▸ ABOUT THIS EXERCISE
From the material below, retype exactly the lines that begin at the line with "või +3725165581 Enn Tobreluts." and end after the line with "This handsome French"; pictures stay out of the copy.

▸ DATA FOR THE TASK
━━━━━━━━━━━━━━━━━━━━
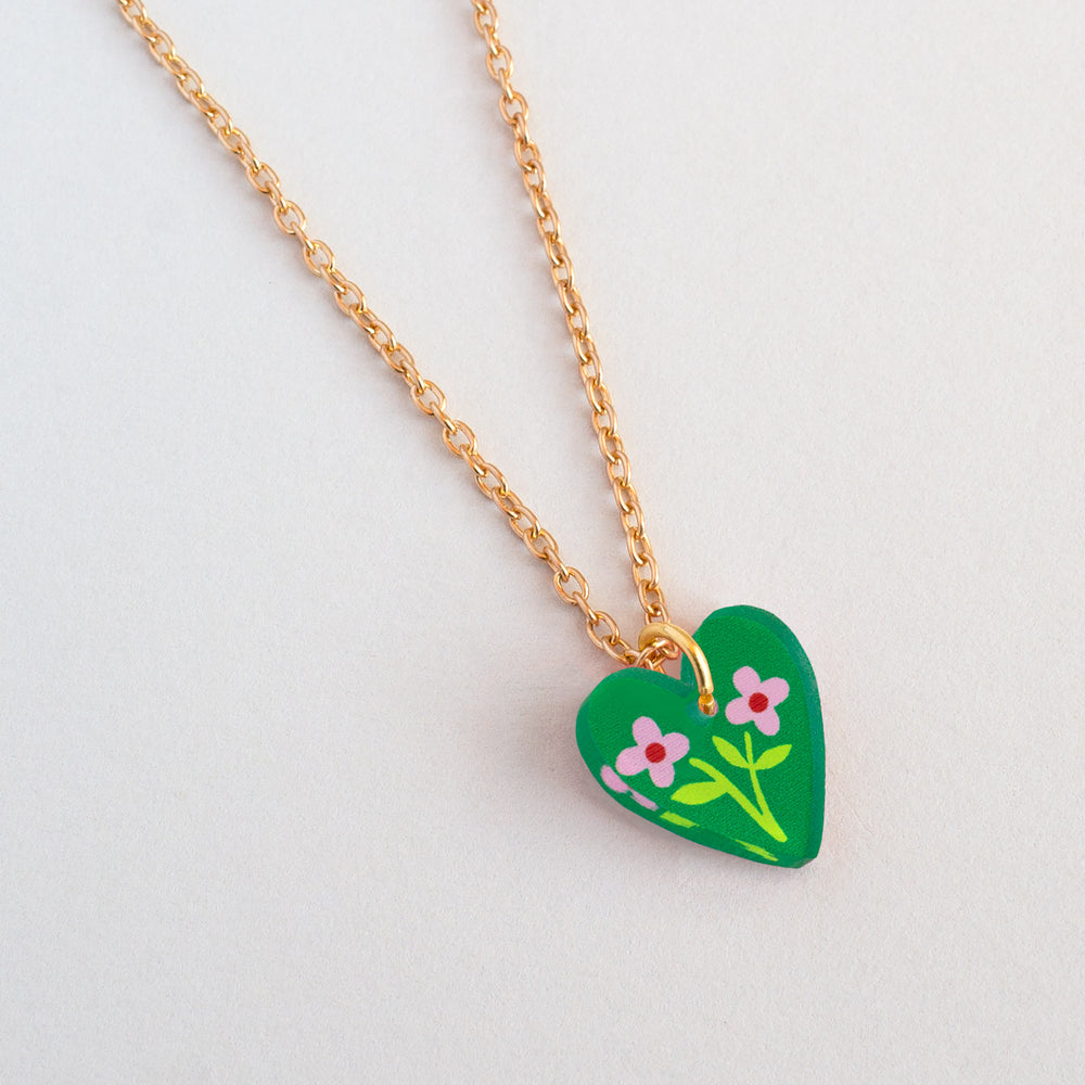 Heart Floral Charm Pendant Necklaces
━━━━━━━━━━━━━━━━━━━━
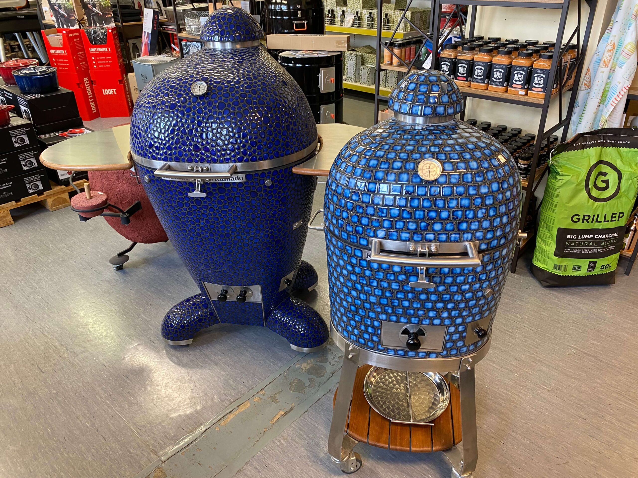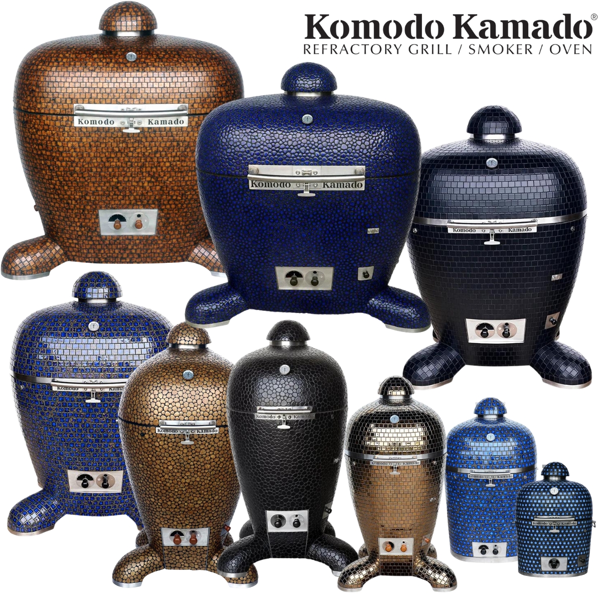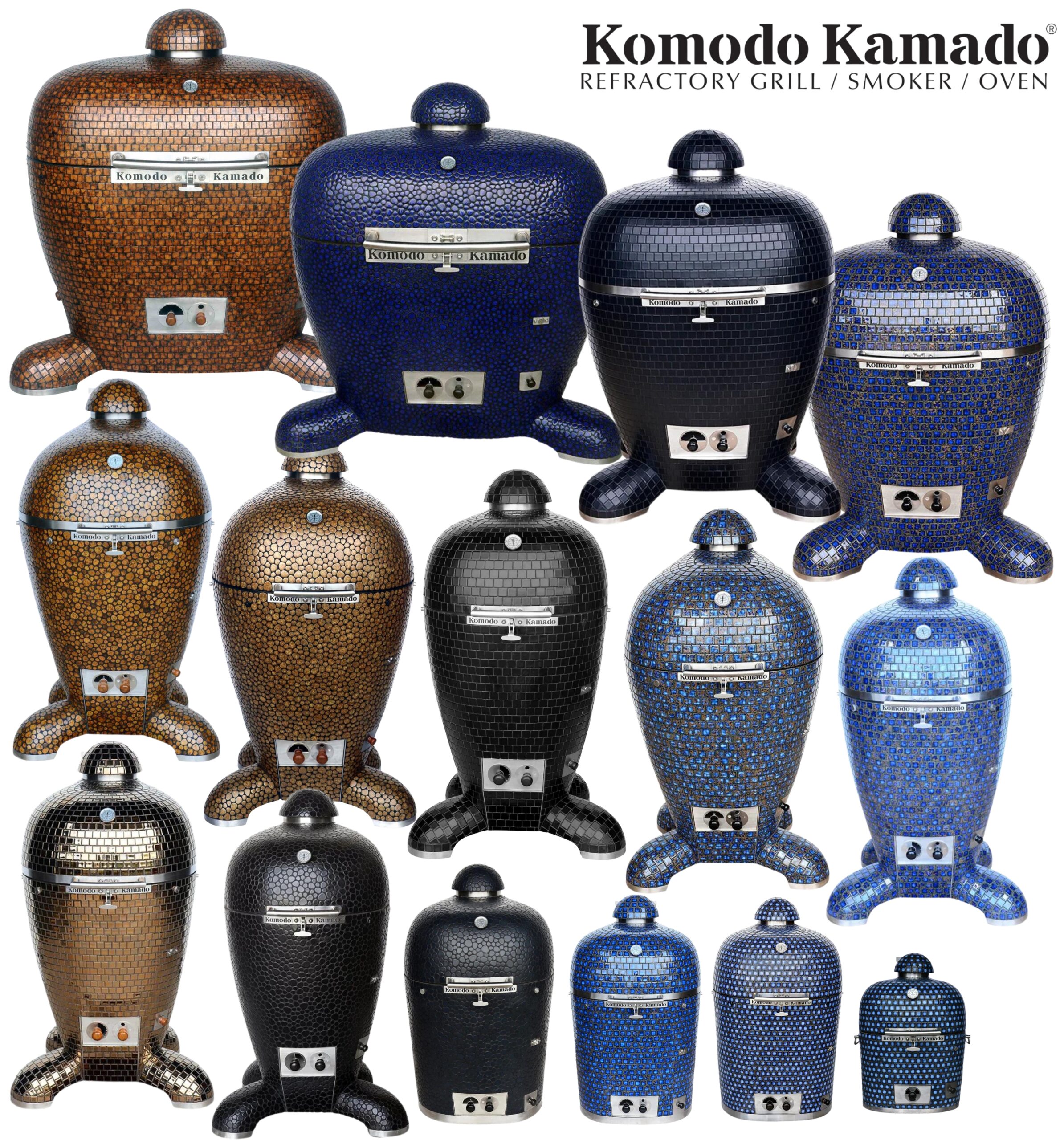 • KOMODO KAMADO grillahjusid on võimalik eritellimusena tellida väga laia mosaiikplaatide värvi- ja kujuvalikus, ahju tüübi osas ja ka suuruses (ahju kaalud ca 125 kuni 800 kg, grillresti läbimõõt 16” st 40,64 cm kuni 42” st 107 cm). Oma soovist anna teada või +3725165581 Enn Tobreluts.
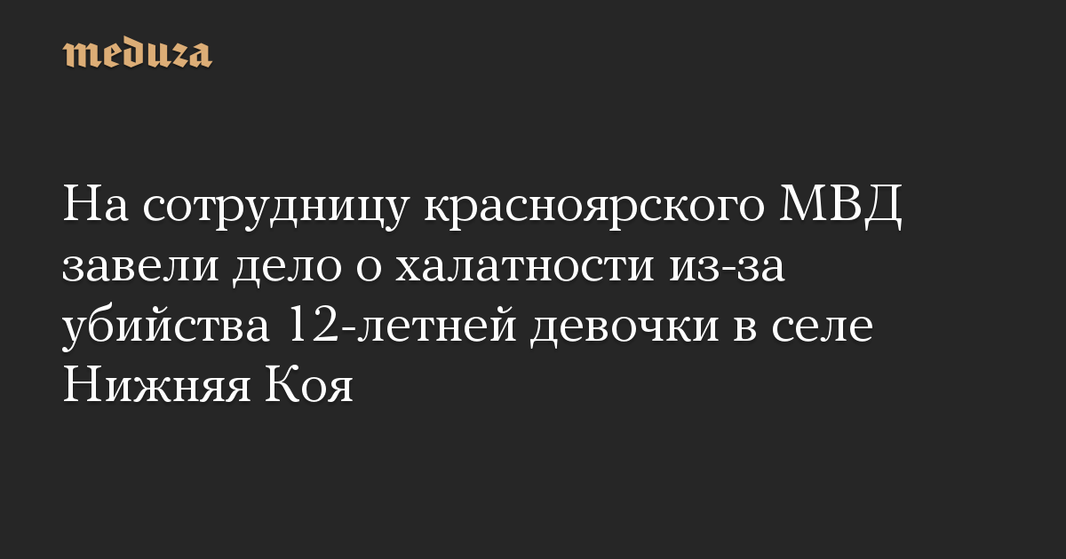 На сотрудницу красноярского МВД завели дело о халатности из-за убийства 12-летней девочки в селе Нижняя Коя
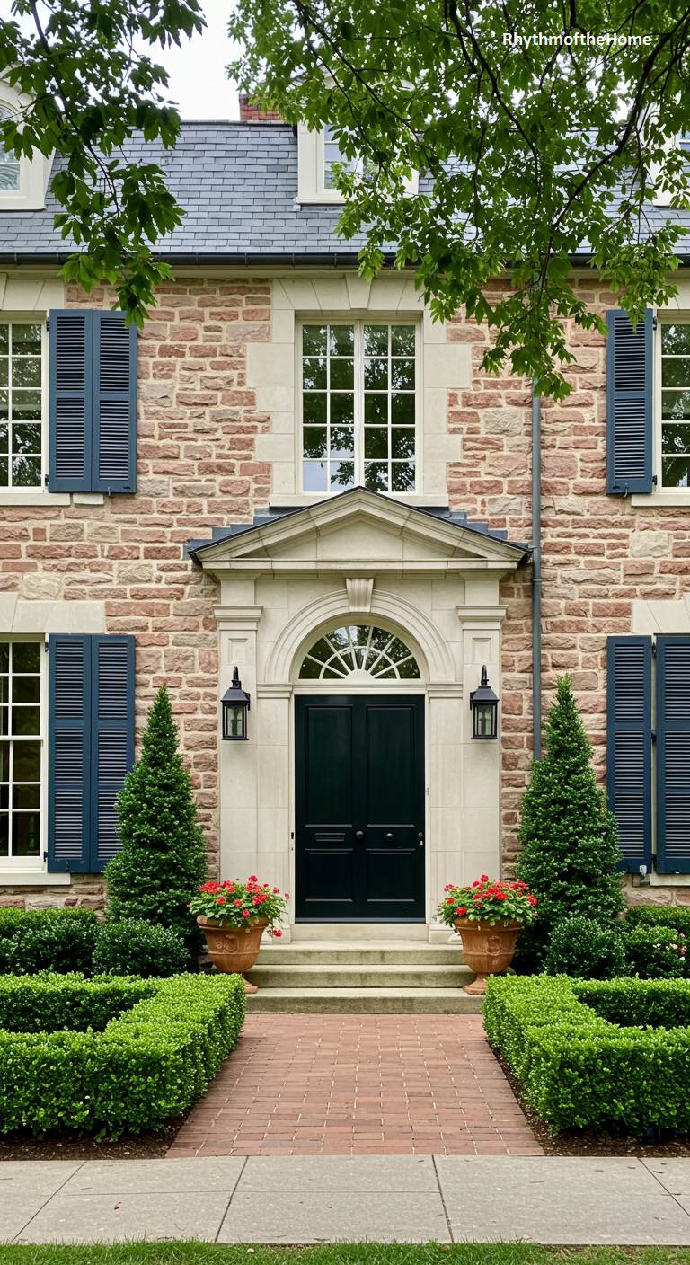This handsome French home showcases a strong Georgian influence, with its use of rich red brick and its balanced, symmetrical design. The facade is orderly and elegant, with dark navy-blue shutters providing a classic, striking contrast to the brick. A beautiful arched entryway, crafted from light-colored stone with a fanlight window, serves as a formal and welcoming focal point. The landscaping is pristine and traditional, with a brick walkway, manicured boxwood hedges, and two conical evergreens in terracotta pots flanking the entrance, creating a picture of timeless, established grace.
━━━━━━━━━━━━━━━━━━━━
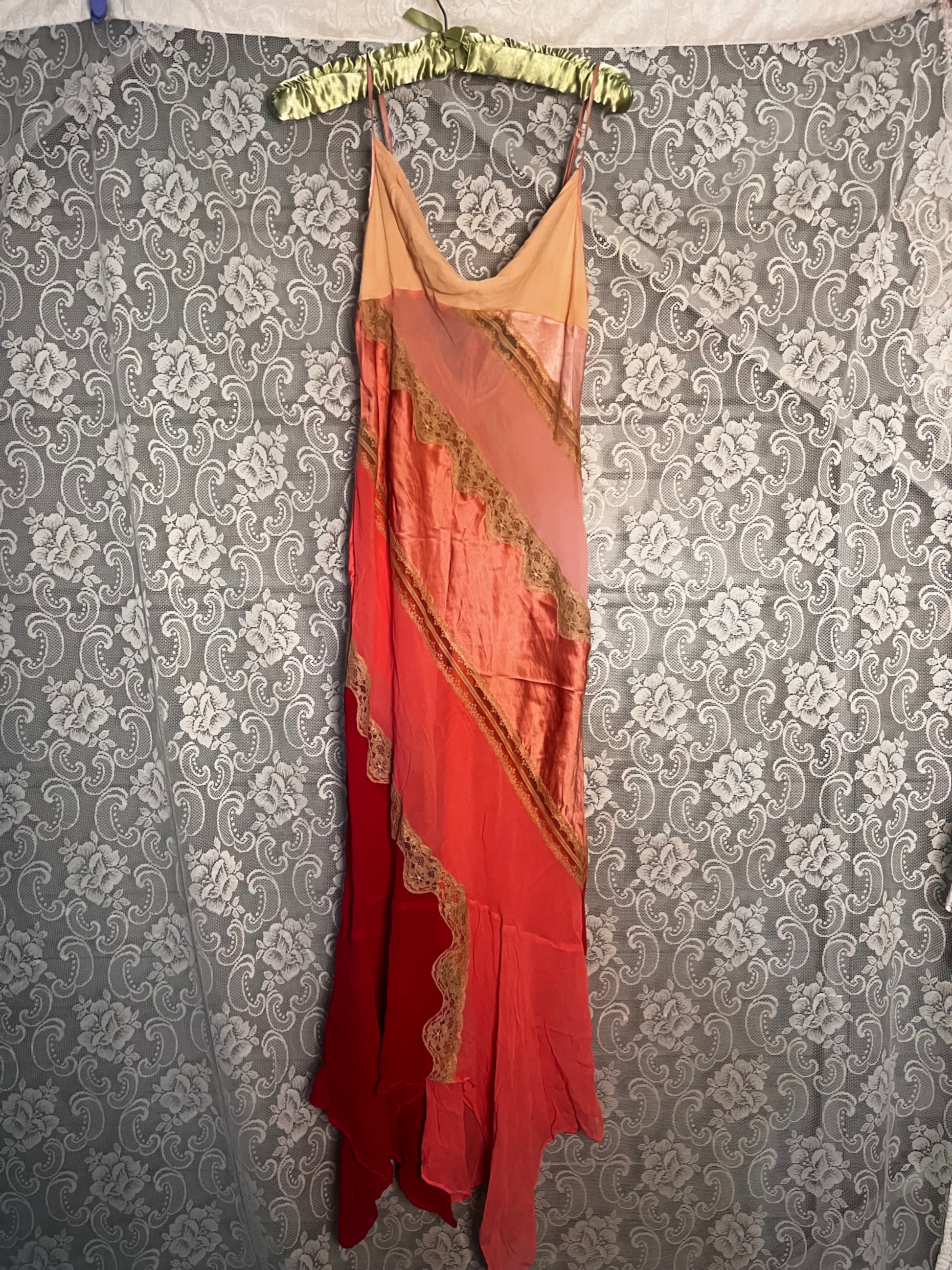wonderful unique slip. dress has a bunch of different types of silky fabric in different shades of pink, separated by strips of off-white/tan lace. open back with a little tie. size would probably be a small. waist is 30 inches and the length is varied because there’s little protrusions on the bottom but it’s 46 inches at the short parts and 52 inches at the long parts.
━━━━━━━━━━━━━━━━━━━━
▸ TASK ANSWER
 • KOMODO KAMADO grillahjusid on võimalik eritellimusena tellida väga laia mosaiikplaatide värvi- ja kujuvalikus, ahju tüübi osas ja ka suuruses (ahju kaalud ca 125 kuni 800 kg, grillresti läbimõõt 16” st 40,64 cm kuni 42” st 107 cm). Oma soovist anna teada või +3725165581 Enn Tobreluts.
 На сотрудницу красноярского МВД завели дело о халатности из-за убийства 12-летней девочки в селе Нижняя Коя
This handsome French home showcases a strong Georgian influence, with its use of rich red brick and its balanced, symmetrical design. The facade is orderly and elegant, with dark navy-blue shutters providing a classic, striking contrast to the brick. A beautiful arched entryway, crafted from light-colored stone with a fanlight window, serves as a formal and welcoming focal point. The landscaping is pristine and traditional, with a brick walkway, manicured boxwood hedges, and two conical evergreens in terracotta pots flanking the entrance, creating a picture of timeless, established grace.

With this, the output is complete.